Print

Lactose Free Saffron Cheesecake

  • 5 Stars 4 Stars 3 Stars 2 Stars 1 Star No reviews
  • Author: Delphine Fortin
  • Cook Time: 30 mins
  • Total Time: 30 mins
  • Yield: serves 8
  • Category: Cakes and pies
  • Cuisine: Swedish recipes

A festival of flavors for your taste buds in a very easy recipe. Be prepared to fall in love with this saffron cheesecake!

Ingredients

Scale
  • 8.8 oz (250g) gingerbread cookies, preferably lactose-free as well
  • 5.3 oz (150g) lactose-free butter, at room temperature
  • 1g saffron
  • 1 sugar lump
  • 1 teaspoon rum (or other liquor)
  • 26.5 oz (750g) lactose-free cottage cheese
  • 2/3 cup (135g) granulated sugar
  • 6 large eggs
  • 1 cup (150g) fresh berries
  • 4 fresh mint leaves

Instructions

  1. Melt the crushed gingerbreads with a food processor. Add in the melted butter and mix with the gingerbread crumbs.
  2. Line with a baking paper the bottom of a form with a detachable edge, 10 inches in diameter. Press the gingerbread crumbs into the form and cool for 30 minutes in the refrigerator.
  3. Dissolve the saffron with the sugar lump and the rum.
  4. In a large bowl, stir together the cottage cheese, saffron and granulated sugar.
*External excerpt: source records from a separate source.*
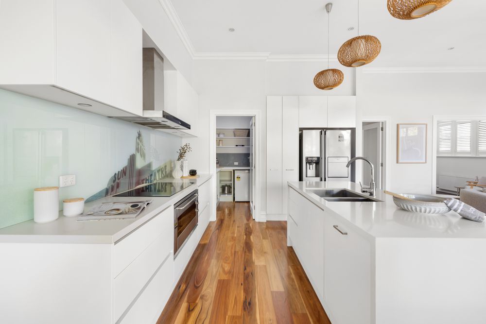 • Designer kitchen with feature splashback and butler's pantry overlooking open plan living and dining
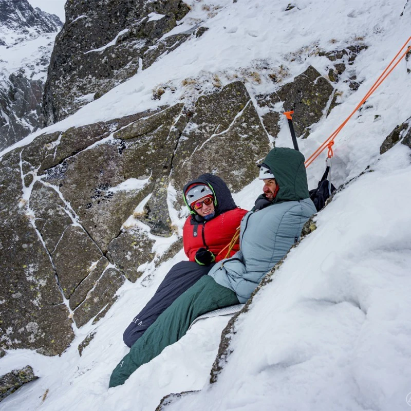 Le X 450/800 d’Aura est un sac de couchage qui se démarque par sa forme et sa conception. Il a été conçu spécialement pour l’escalade et l’alpinisme, pour des bivouacs en conditions difficiles. Sa forme anatomique ajustée résulte d’une conception prenant le moins de place possible au bivouac, d’une recherche de confort aussi bien allongé que assis, sans perdre en isolation. Pour cela, il dispose sur les côtés au niveau du torse, de panneaux latéraux qui augmentent la thermicité.
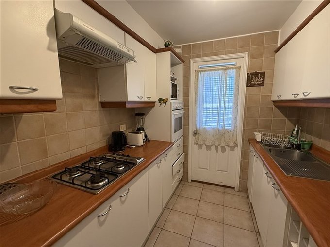 Cocina independiente amoblada y equipada con encimera y horno a gas, campana, refrigerador y completo equipamiento en loza, ollas y electrodomésticos para que puedas instalarte sin preocuparte por detalles.
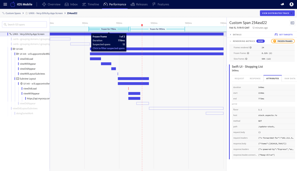 Using BugSnag’s performance monitoring feature, you can clearly see rendering issues related to slow and frozen frames in spans reported by the app and easily track the root cause.

Beat in the eggs, one at a time, stirring vigorously after each addition.
  5. Blend the preparation with a stand mixer for 2-3 minutes so that no lump remains.
  6. Preheat the oven to 390°F (200°C). Pour the saffron cream evenly over the gingerbread bottom and bake for 30 minutes. Cool completely and then store for at least 2 hours before serving so that it solidifies. Just before serving, decorate with the fresh berries and some fresh mint leaves.